Why do file_get_contents return strange characters?

I am trying to parse http://www.desi-tashan.com/category/pakistan-tvs/aaj-tv/3-idiots/ with a_get_contents file.

But it returns very unusual characters and symbols.

where as if I was parsing http://www.desi-tashan.com/ it works well. Can anyone tell why this is happening?

Is there any decoding encoding?

The page seems to be made with wordpress ..

+1


source to share


3 answers


the content you see is gzipped

you might be interested in looking at gzdecode

or zlib-decode

(note that Zlib support in PHP is not enabled by default)
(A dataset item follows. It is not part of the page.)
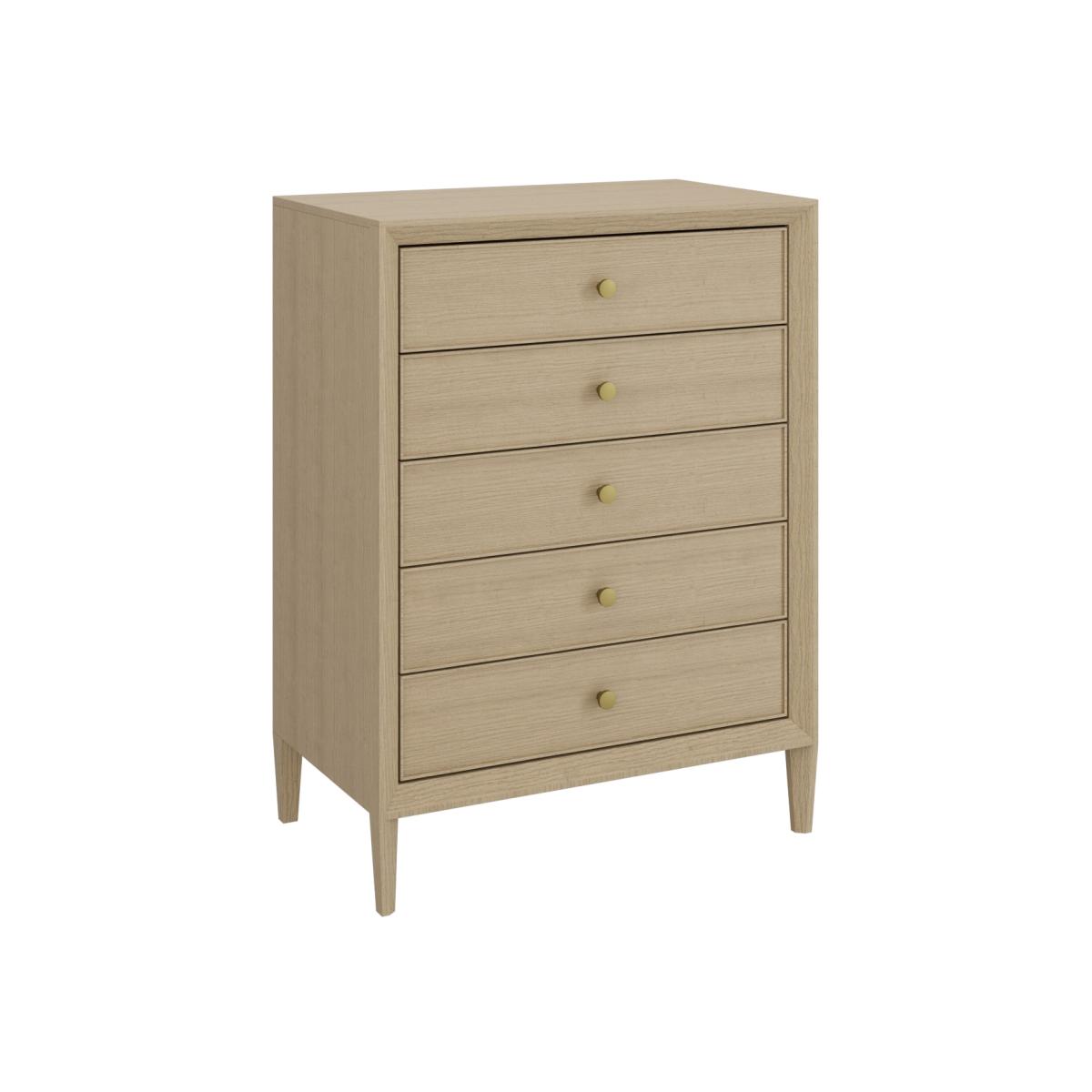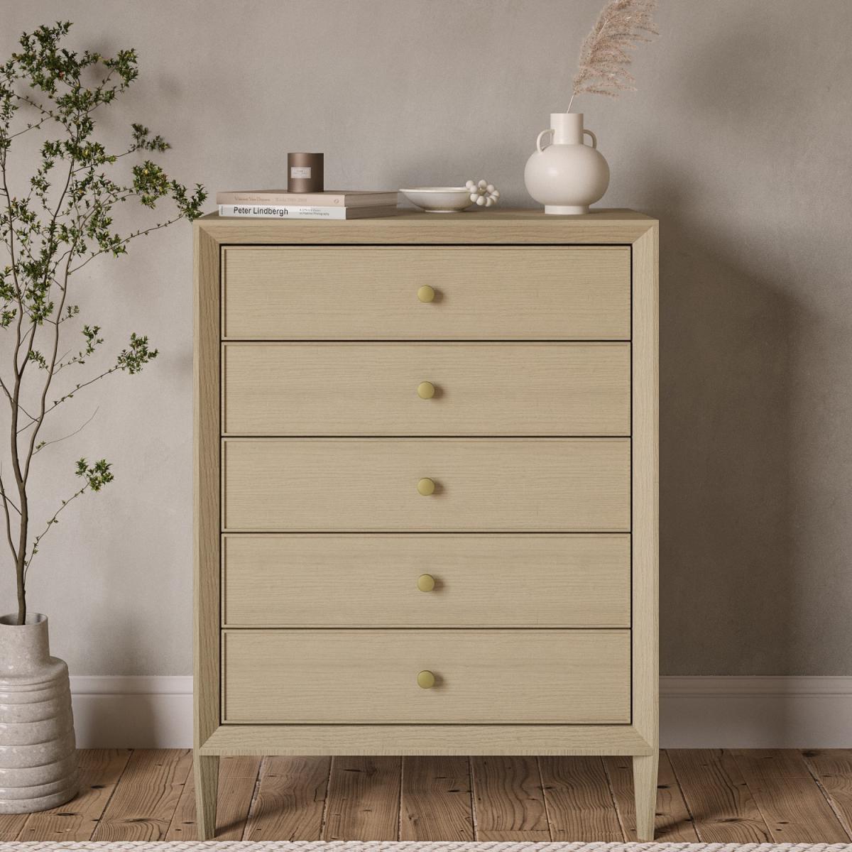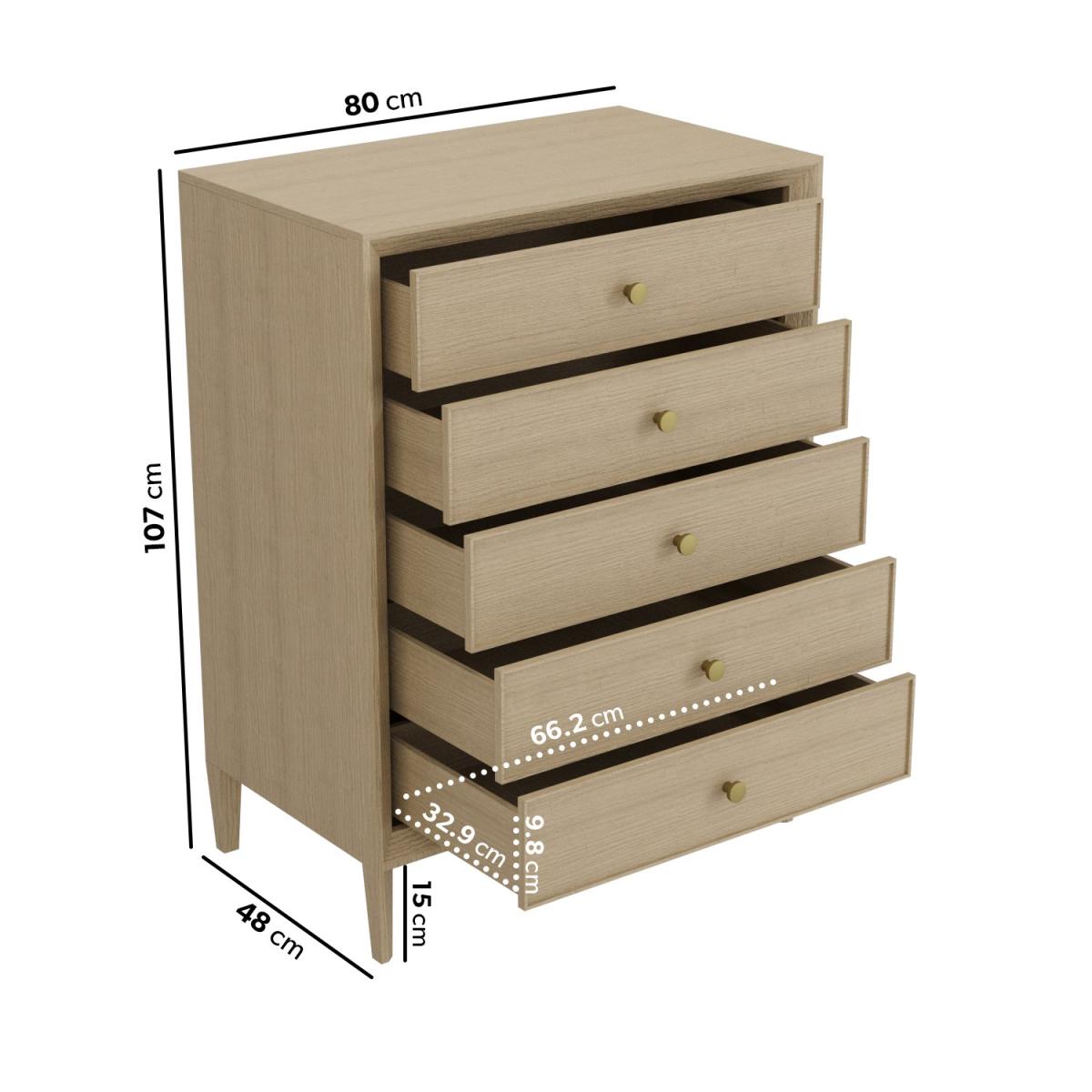 All about me Elevate your space and keep clutter at bay with the Georgie chest of drawers. It features a modern design with clean, square lines and a wooden finish, it'll suit any bedroom style. The five drawers are perfect for storing folded clothes and accessories. Need to know Dimensions: W80 x D48 x H107 cm Drawer dimensions:W66.2 x D32.9 x H9.8 cm Number of drawers: 5 Weight: 39 kg Colour: Oak Finish: Stained Material:Solid pine Runners: Metal Assembly required: Yes Packed dimensions: W99 x D117 x H16.4 cm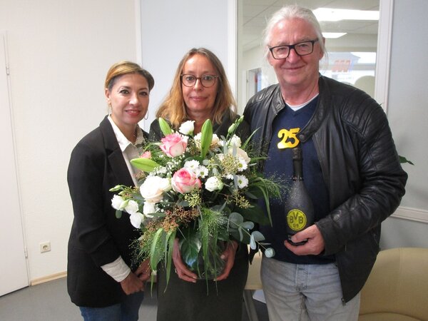 Schon während ihres Studiums arbeitete Frau Fischer als Honorarkraft bei den Euro-Schulen und erhielt nach erfolgreichem Abschluss ihres Studiums im Jahre 1997 einen Arbeitsvertrag als Dozentin für den Bereich „Deutsch als Fremdsprache“. Die individuelle Betreuung der Teilnehmenden war ihr bei der Arbeit immer eine Herzensangelegenheit, so verlagerte sich ihr Aufgabenschwerpunkt in den Folgejahren mehr und mehr in den sozialpädagogischen Bereich. Frau Fischer leitet nun das Team des Förderzentrums. Wie beliebt sie in ihrem Team ist, haben die Kolleg*innen an ihrem Jubiläumstag deutlich zum Ausdruck gebracht.

Your code might look like this:



$url = 'http://www.desi-tashan.com/category/pakistan-tvs/aaj-tv/3-idiots/';
$content = file_get_contents($url);
$decoded_content = gzdecode($content); // or zlib_decode($content);

      

Another solution here on stackoverflow that adds an HTTP header Accept-Encoding

to the request indicating to the server NOT to gzip.

However, it doesn't work for www.desi-tashan.com

, the server ignores the header Accept-Encoding

and always returns gzipped content

+7


source


I've seen this happen on sites where the web server is misconfigured and sends back a compressed page, whether the client indicates it can handle it. (The client points this to a header Accept-Encoding

that file_get_contents won't send.) This usually works in web browsers as they either ask for the default compressed page or handle a gzip response even if they don't ask for it.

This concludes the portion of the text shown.